Owing to the break-neck pace of the industrial growth, the world’s two oldest civilisations China and India, who together make over one-third of the humanity, are in a great hurry to metamorphose. Their architects have done little in pulling their rich past to blend with the needs of the modern times. The sole inspiration remains the West. Where they are going is not at all important to them. Their only concern is how fast they could go.

China, especially, has removed all the speed-brakers. Its ancient architecture was powerful enough to influence the Japanese. When Vietnamese king built his own palace, he chose to copy the Chinese Imperial Palace from Beijing’s Forbidden City. The 5th Avenue Theatre too, in Seattle, Washington, copied the three achievements of the Chinese architecture – the Forbidden City, the Temple of Heaven and the Summer Palace.

When astronauts went to the moon, among the prominent things from the Earth their naked eyes noticed was the long Chinese wall. China’s ancient buildings have heavy platforms over which float large prominent roofs. There is less emphasis on vertical walls and far more on the width of the building, a characteristic of Chinese expansionism. But after the Opium War of 1840 the western architecture gate-crashed into China. In the next century, the Thirties saw a feeble attempt to revive the Chinese national style. But big roofs created controversies. Then came the revolution. The leaders discovered residues of imperialism in the ancient architecture and it was almost abandoned.

Now China has opened up its parts to the world. Sky-scrappers are sprouting out. China is hogging cement and steel greedily. China has as if opened floodgates to the western architecture. There is hardly any difference between the Manhattan or some European metro’s skyline and that of the new Chinese cities. There may be a little blending in some parts and they may look a tossed salad of architectural flavours from the West and the East. German Consul in Shanghai once said if you took off glasses in Quingdao you might think you were in Germany.

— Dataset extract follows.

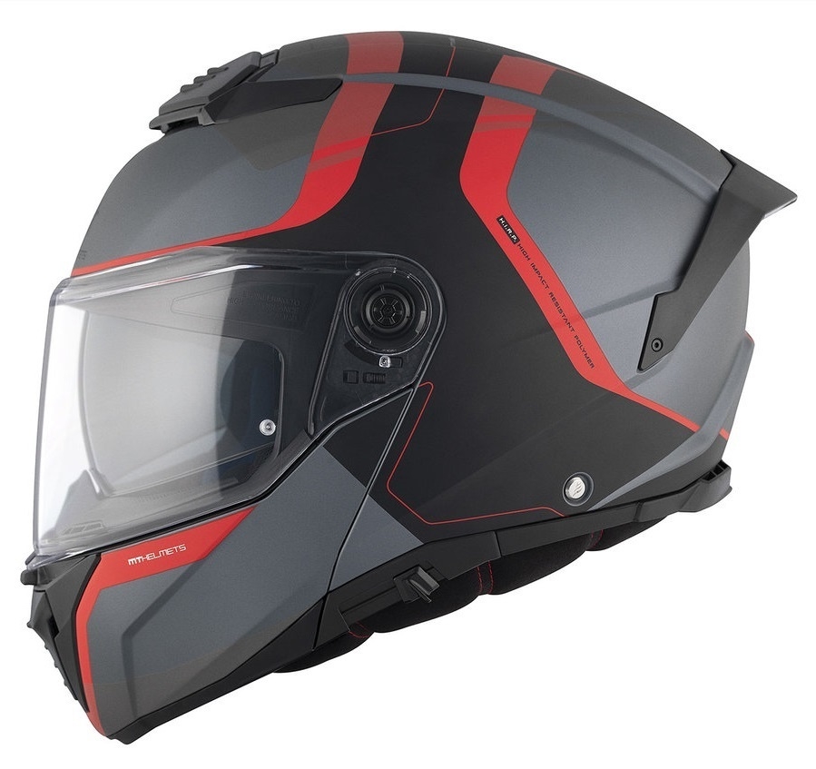 Casca modulabila MT Atom 2 SV Emalla B15 gri/rosu mat (ochelari soare integrati) Pinlock Ready - tip viziera: MT-V-35 Descriere: • noul model Atom 2 SV este casca flip-up cu ochelari de soare integrati omologata pe noul standard european de siguranta ECE 22.06; • punctaj SHARP Test – 4/5 stele; - este un model de casca touring-adventure (dar care poate fi utilizata cu brio si in deplasarile urbane), care incorporeaza noul mecanism de viziera tip MT-QVSS, un sistem patentat de MT si care permite shimbarea extrem de rapida a vizierei; - ca rezumat, noul model Atom 2 SV este cea mai buna alegere din portofoliul MT, din categoria castilor modulabile (flip-up), ca raport pret-calitate. Caracteristici: • omologare ECE 22.06 - casca Atom 2 SV indeplineste cele mai ridicate standarde de siguranta europene; • MT-QVSS - Quick Visor Swap System - sistem proiectat intern de echipa de ingineri MT si echipat in premiera pe  o casca modulabila (flip-up) din gama producatorului spaniol MT; • mecanismul MT-QVSS este patentat de MT si permite utilizatorului sa ataseze sau detaseze viziera foarte rapid si confortabil, fara a da casca jos din cap; • HIRP - calota noii casti Atom 2 SV este produsa dintr-o combinatie de polimer denumita HIRP (High Impact Resistant Polymer). Aceasta formula are rezultate superioare la testele de impact; • MT-RADD - Reduced Aero Drag Design - inginerii de la MT Helmets au reusit, prin aerodinamica acestei casti, sa reduca rezistenta aerodinamica in timpul rularii, pentru a spori confortul riderului; • MT-AFCS - Air Flow Channel System - prizele de aer ale acestui model au fost concepute pentru a minimaliza rezistenta aerului si a-l canaliza in interiorul castii, reducand temperatura si umiditatea resimtite in casca in zilele calduroase; • MT-EVA - Extended Vision Area - viziera asigura riderilor un camp vizual marit, crescand confortul in timpul utilizarii dar si siguranta in timpul utilizarii; • MT-MDH - Micrometric Double Hook - sistemul micrometric de fixare al castii a fost regandit sa fixeze in 2 puncte, pentru o siguranta sporita. Sistemul de fixare, optim pentru modelele sport-turing, ofera echilibrul perfect intre siguranta si comfort; • MT-UIC - Universal Intercom Cage - casca este prevazuta cu spatiu special in interiorul castii, pentru a monta sisteme de comunicatii Intercom; • MT-ESP - Extended Sunvisor Protection - echipa de ingineri MT Helmets au proiectat ochelarii de soare retractabili sa ofere protectie extinsa, prevenind distorsionarea la schimbari de luminiozitate. Ochelarii de soare se actioneaza foarte usor cu o singura mana. Ochelarii pot fi detasati usor, pentru curaratarea lor; • Padding (interiorul castii) - interiorul castii a fost special conceput pentru fiecare marime de casca, pentru o potrivire perfecta. Materialele folosite la fabricarea interiorului castii permit o ventilare optima si nu retin umezeala. Toate elementele interioare pot fi detasate foarte usor si spalate sau inlocuite; • High Quality Visor - viziera este conceputa sa asigure o rezistenta crescuta in caz de impact. Etansarea castii in jurul vizierei se realizeaza printr-o garnitura de cauciuc, e confera o izolare foarte buna; • Pinlock 100% max vision - viziera castii Atom 2 SV permite instalarea unei lentile antiaburire 100% MAX Vision (camp vizual marit); • Built-in Visor Lock - cu un sistem simplu, dar eficient, acest model de casca are un blocator pe viziera care previne deschiderea vizierei in caz de impact. Date tehnice: • aplicabilitate in utilizare: - Sport-Touring: 100%; - Touring: 100%; - Urban: 50%; - Offroad: 0%. • SHELL (calota exterioara): - material: HIRP (high impact resistant polymer); - numar calote: 2 (XS-M si L-XXL); - marimi disponibile: XS-XXL; - masa (greutate): 1700 gr. • interiorul castii: - EPS: densitatea multipla EPS asigura o mai buna absorbtie a socului in caz de impact; - Removable interior: interiorul este complet detasabil; - interiorul poate fi spalat; - interior fabricat din materiale cu protectie antibacteriala; - deflector nas; - casca conceputa pentru a permite montarea de sistem de comunicatii Intercom; • VENTILATION (ventilarea castii): - ventilatie la barbie si in partea de sus a castii, cu sistem inchis/deschis; - canale interioare pentru circulatia aerului, pentru a reduce temperatura si umiditatea; - ventilatii in partea din spate a castii pentru circulatia aerului; • VIZIERA: - MT-QVSS+: viziera cu sistemul inovativ MT-QVSS (Quick Visor Swap System), ce permite montarea si demontarea vizierei foarte rapid; - claritate: viziera fabricata din policarbonat high-quality, pentru o claritate ma buna; - blocator integrat in viziera; • SAFETY (siguranta): - omologari: ECE 22.06 + DOT; - sistem de fixarea a castii: MT-Micrometric + .

After the Second World War, Japan too was required to rebuild itself from the ruins. In the process of building metros it surrendered to the Western influence to a great extent. The oil boom pushed the Middle East out of its medieval cocoon. Though the growth was hasty and they had to take help of lot many non-Muslim architects, there was a serious effort to retain the ethnic Islamic character.

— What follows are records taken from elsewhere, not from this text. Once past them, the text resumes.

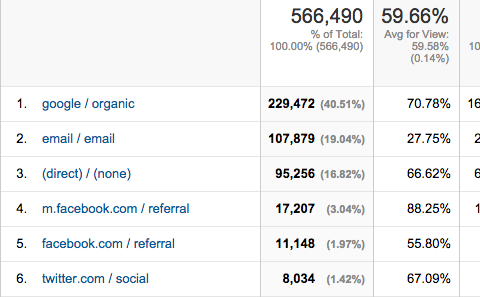 ¿Sabes cuál es el recurso que te trae más tráfico? No son las redes sociales o los visitantes directos. Es Google. Y si no lo es, significa que no has pensado en el SEO. Basta con mirar la siguiente imagen: muestra que Google supone el 40.51% del tráfico de Quick Sprout.
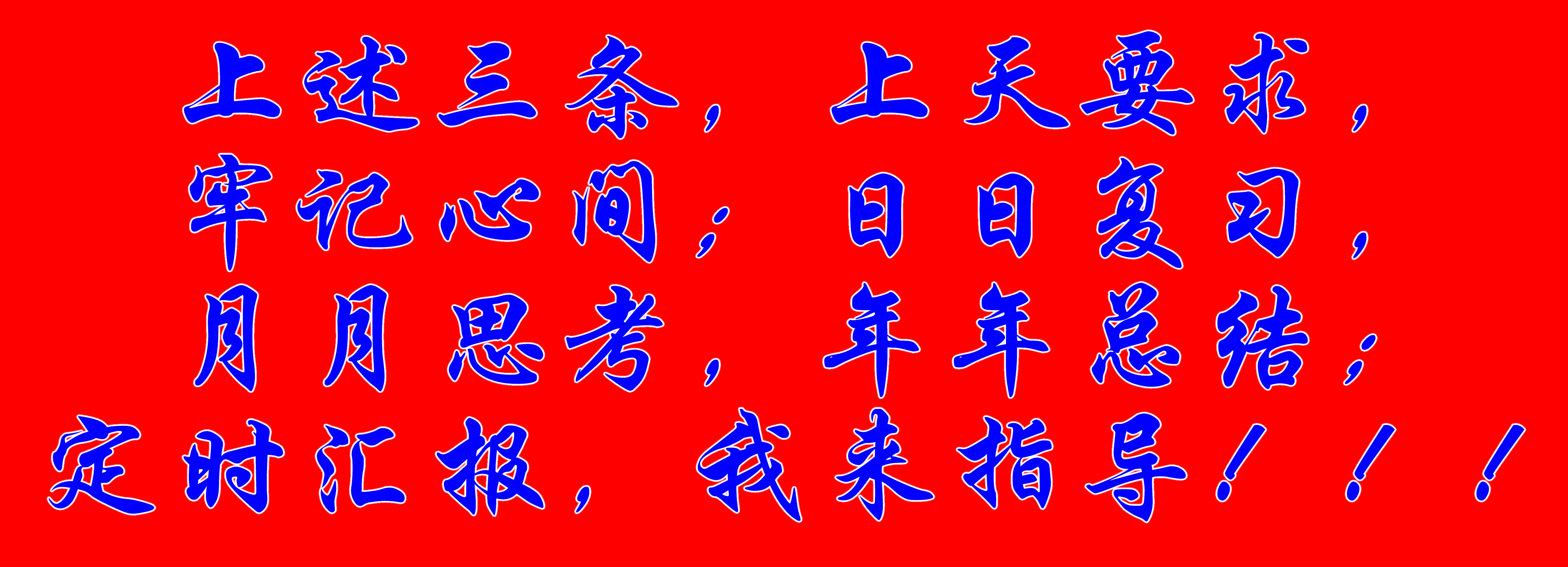 上述三条,上天要求,牢记心间;日日复习,月月思考,年年总结;定时汇报,我来指导!!!
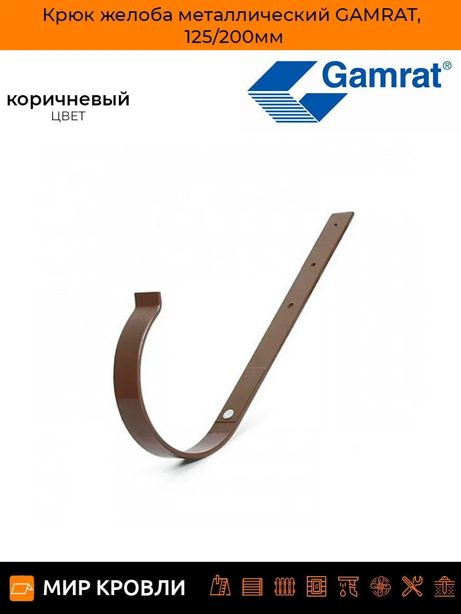 Крюк желоба Гамрат МЕТАЛЛИЧЕСКИЙ служит для крепления желоба, одновременно обеспечивая дополнительную поддержку геометрических параметров желоба. При помощи крюков обеспечивается необходимый уклон для движения воды в желобе в нужном направлении.
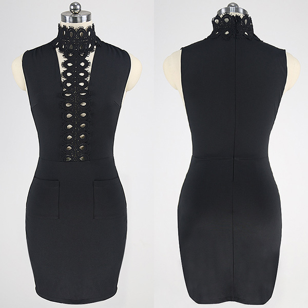 accompanied with sleeveless,mock neck and a bodycon silhouette,this delicate dress is one of the easiest ways to demonstrate
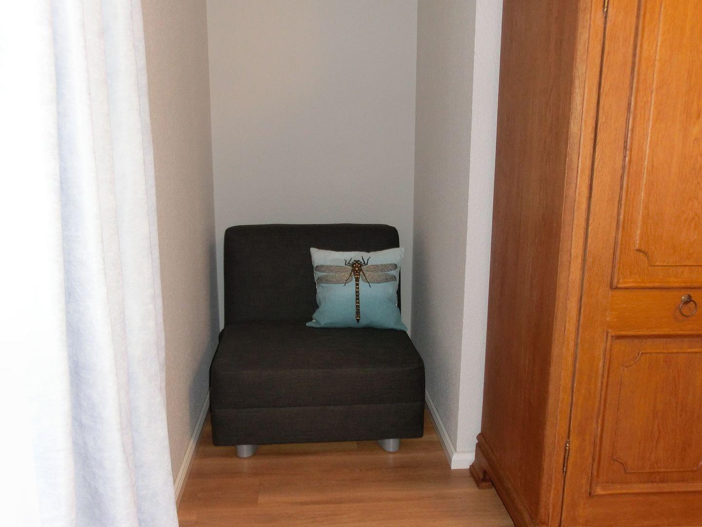 Im geschmackvoll eingerichteten Schlafzimmer erwartet Sie ein bequemes 1,80 m breites Doppelbett. Zusätzlich bietet das Wohnzimmer mit seinem komfortablen Schlafsofa (Matratze 1,60 m breit) Platz für zwei weitere Gäste. Alternativ kann für ein Kind ein Schlafsessel im Schlafzimmer genutzt werden. Ein praktischer Schreibtisch ermöglicht Ihnen, bei Bedarf auch während Ihres Urlaubs produktiv zu sein – ideal für eine Workation in entspannter Atmosphäre.
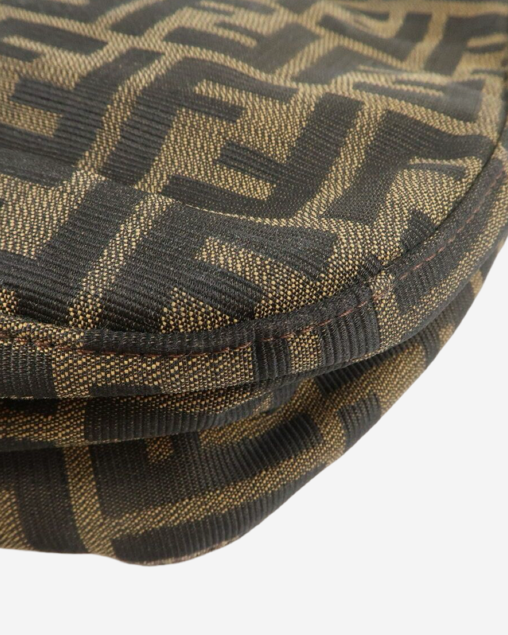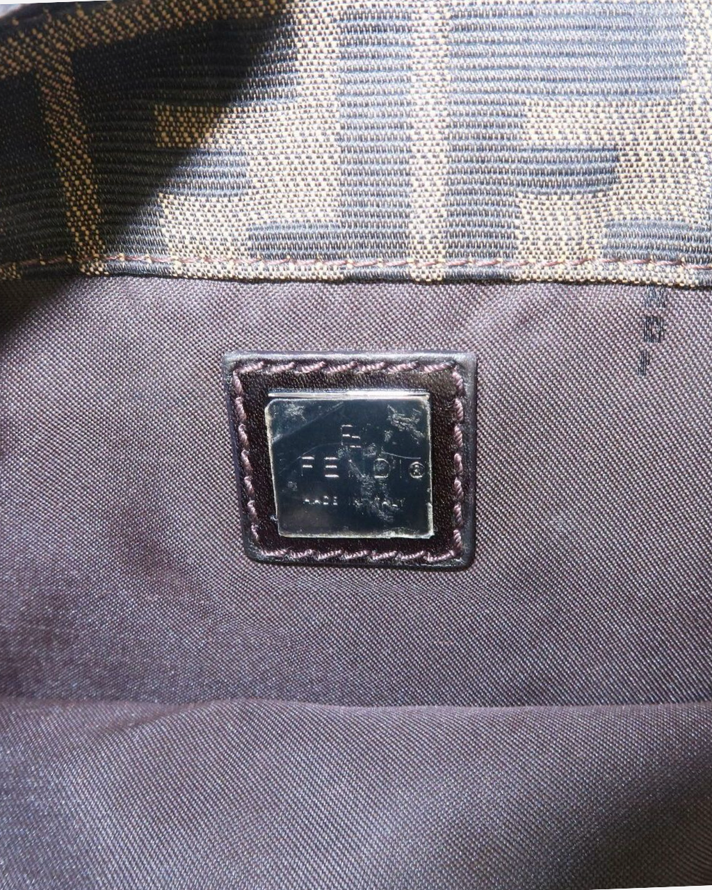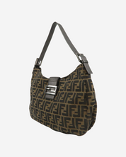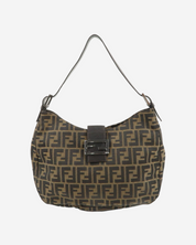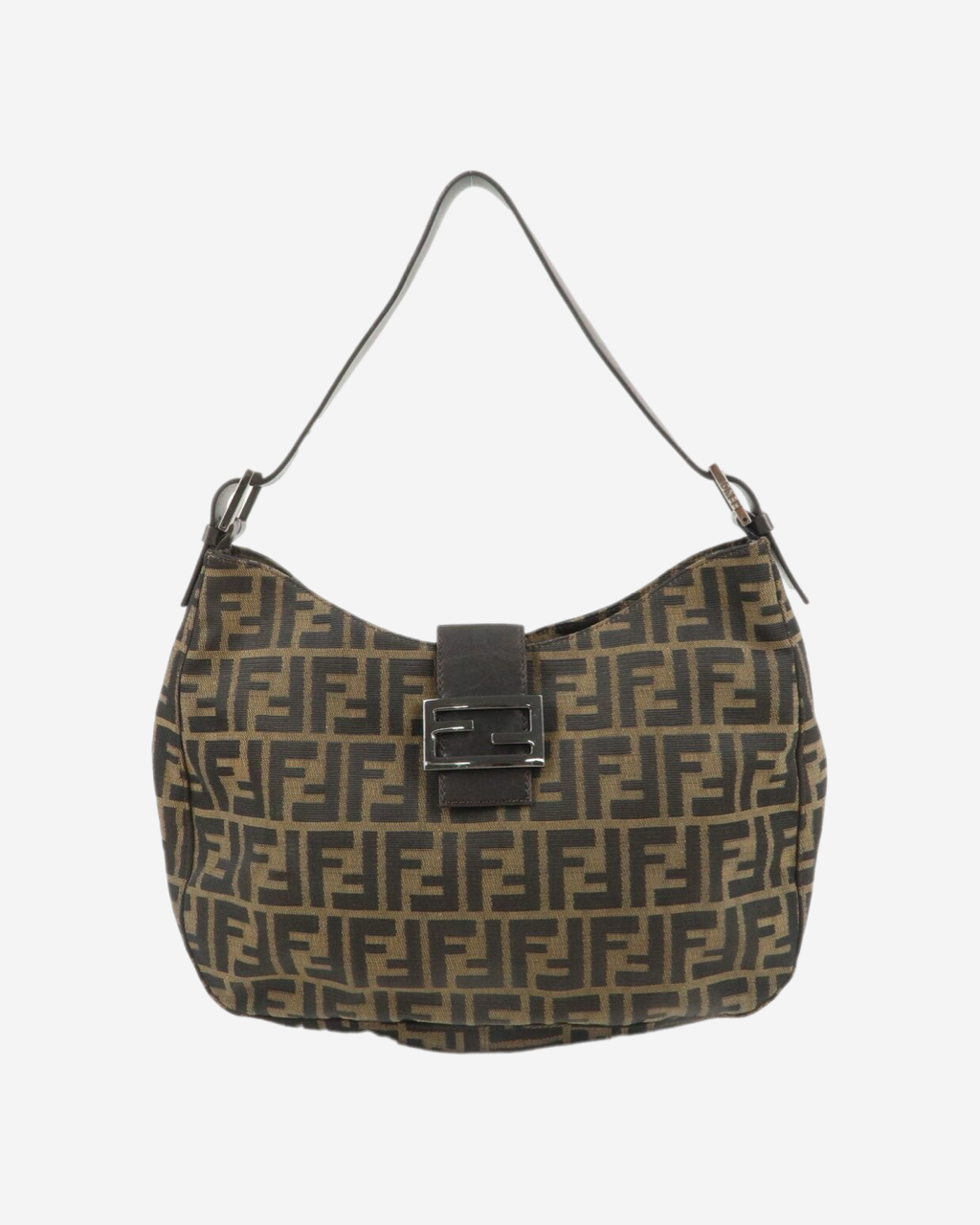- Descripción: Bolso de hombro en canvas zucca con asa fija, abertura principal abierta, broche FF magnético, hardware color plateado

We are not talking of just China or Japan or India. We are talking of the hasty growth in modern times and their option of losing ethnicity. True that culture is never static. It constantly evolves. True that only the fittest survive. But it cannot be forgotten that these ancient nations are so much weather-beaten and so much honed in the rough and tumble of the millennia that their thoughtless surrender looks odd and insulting. There is no need for the floundering and confusion even when their economic growth is in haste.

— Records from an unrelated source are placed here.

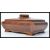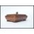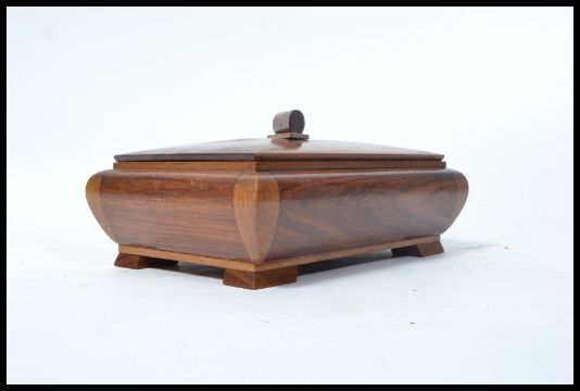 A good 20th century wooden tobacco box of sarcophagus form raised on square stub feet with log final lid. Measures 13 cm high, 25 cm wide and 18 cm deep.
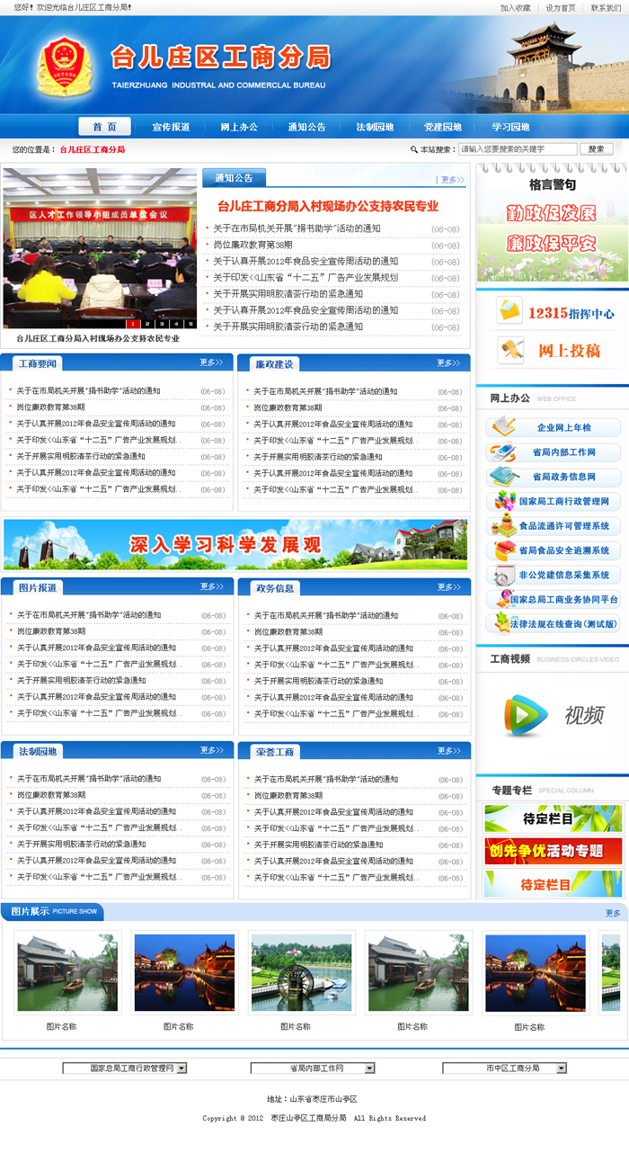 所屬行業(yè): 單位名稱:臺(tái)兒莊區(qū)工商分局[棗莊網(wǎng)站建設(shè)項(xiàng)目]網(wǎng)站地址:
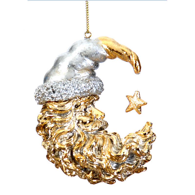 Δώστε μια παραμυθένια πινελιά στη χριστουγεννιάτικη διακόσμηση σας με το επιχρυσωμένο διακοσμητικό Άγιος Βασίλης σε φεγγάρι από polyresin, διαστάσεων 9cm. Ο μοναδικός σχεδιασμός και η πολυτελής χρυσή επίστρωση το καθιστούν ιδανικό για κάθε γιορτινή σύνθεση, κλασική ή μοντέρνα.

A lack of theme is an eyesore more than the borrowed architecture. It looks more a collage. A patch-work done in a great hurry! Just the transplantation after a butcher’s chopper has completed the ethnocide! Builders of modern nation ought to understand that the artists, architects and builders were far less equipped, when they built up the Pyramids or desert fortresses or carved out Ajanta Caves. They then thought of next centuries and next millennia. Though the work went on and on for generations and centuries the poetic expression and its continuity were never lost. I feel sorry for the next century tourists.